Does anyone have any experience with this form of composting? I regularly compost, but am told that this form of composting is much faster and can compost much more household waste.
Never heard of the "nonsense" until your post. Sixty years ago all our kitchen slops went into a hole in the ground about four feet by four feet by six feet, lined with one inch thick spruce boards, with a trap door on top. This hole was within easy walking distance of the house. The slops were always foaming away with no help from some commercial product. The hole was in place for the 7 years we lived there. Simple, convenient, and practical. The situation was a rural environment. Probably not suitable for a lilly white urban backyard, but with minor modifications could probably be encorporated.
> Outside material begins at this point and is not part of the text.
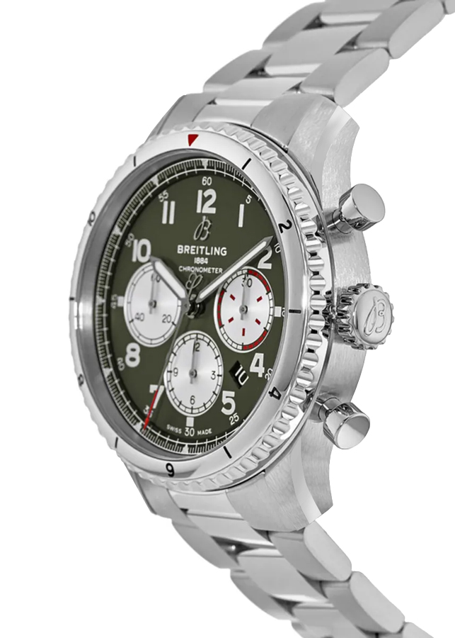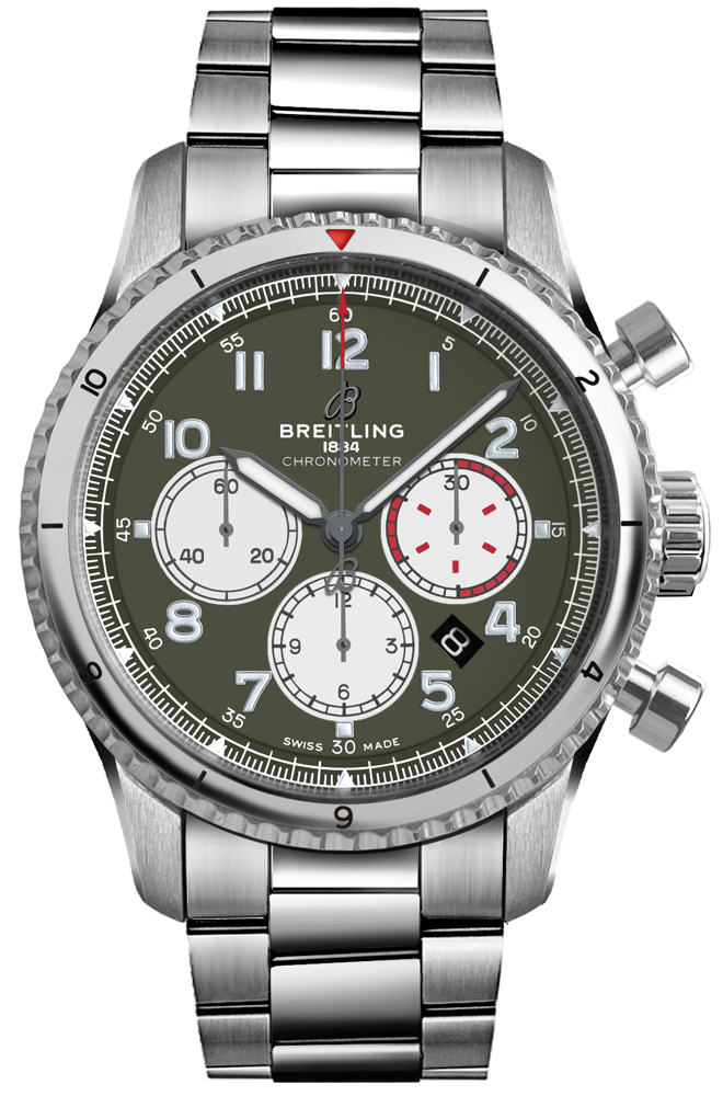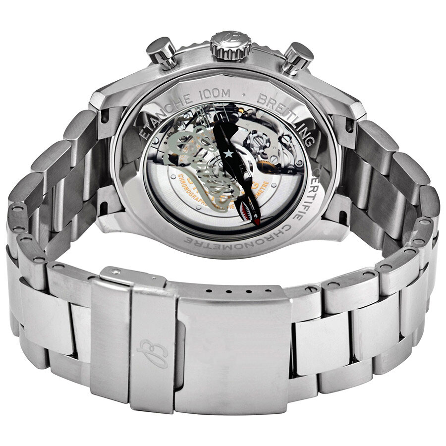 Breitling Navitimer Aviator 8 Curtiss Warhawk AB01192A1L1A1 men's watch. Features a polished with brushed stainless steel case and Professional III bracelet. Polished stainless steel bidirectional rotating bezel. Date displayed in dial aperture between 4 and 5 o'clock. Chronograph with large central chronograph seconds hand, 30 minute counter sub-dial at 3 o'clock and 12 hour counter sub-dial at 6 o'clock. Small seconds sub-dial at 9 o'clock. Powered by the Breitling Caliber 01 self-winding automatic COSC Chronometer certified movement which boasts a 70 hour power reserve, beats at 28,800 vph and contains 47 jewels. A cambered scratch resistant sapphire crystal glareproofed on both sides protects the dial. The case is round, 43mm in diameter, weighs 110g and is 13.97mm thick. Inlet size: 23mm. Sapphire crystal exhibition case back with Curtiss inscription and vivid graphic of P-40 Warhawk. Screw-locked crown with 2 gaskets. Screw down case back. Stainless steel deployment buckle. Water resistant to 100 meters / 330 feet. Functions: hours, minutes, small seconds, date, chronograph. Sport watch style. Swiss made.

I ship my kitchen slops to the landfill in the garbage. This is essential in any landfill. I have no idea where the initiatives about composting to reduce the stuff in a landfill. Certainly it is not kitchen slops that are filling up landfills. It is solid materials, not vegetation or slops.
Very little on *.edu sites about this, but I did find this article mentioning it (briefly) on the USDA Ag Research Service's site: An Organic Cure for a Turfgrass Disease? A search on Google Scholar for "Effective microorganism" composting shows research results mainly from Asian countries. It looks like a method that is only beginning to catch on / be tested in North America.
As far as I know and I practice it myself, bokashi composting is a liquid as result of cattle waste fermentation. Only cattle waste. We prefer use goat waste (feces, sorry, but does it has same meaning with 'waste' ?). Not fresh waste. Use a drum or other other similar tube. Put a filter or water strainer in about 1/4 from the bottom. First splash waste with effective microorganism (EM)until the waste wet enough. Mix it. Just make it all wet. Place it in the drum, on strainer. In about at less 2 weeks (and you may splash in between and scramble the waste) it will produce liquid compost called Bokashi. And you can use solid waste on the strainer just like other compost. And for kitchen or household organic waste, I splash it with EM too. Fastening or accelerate fermentation process with EM is better than letting mother nature do it herself naturally. I chopped it first to small forms. I just put it in a plastic bag. I use this for plants media. I don't how about you guys in North America but here I can just buy effective microorganism product in a 1 litre plastic bottle. Must be contains beneficial bacteria. I take about 50 ml and mix it with artesis water for 1 litre mixing. Sorry for my messed english. May you can catch the point anyway.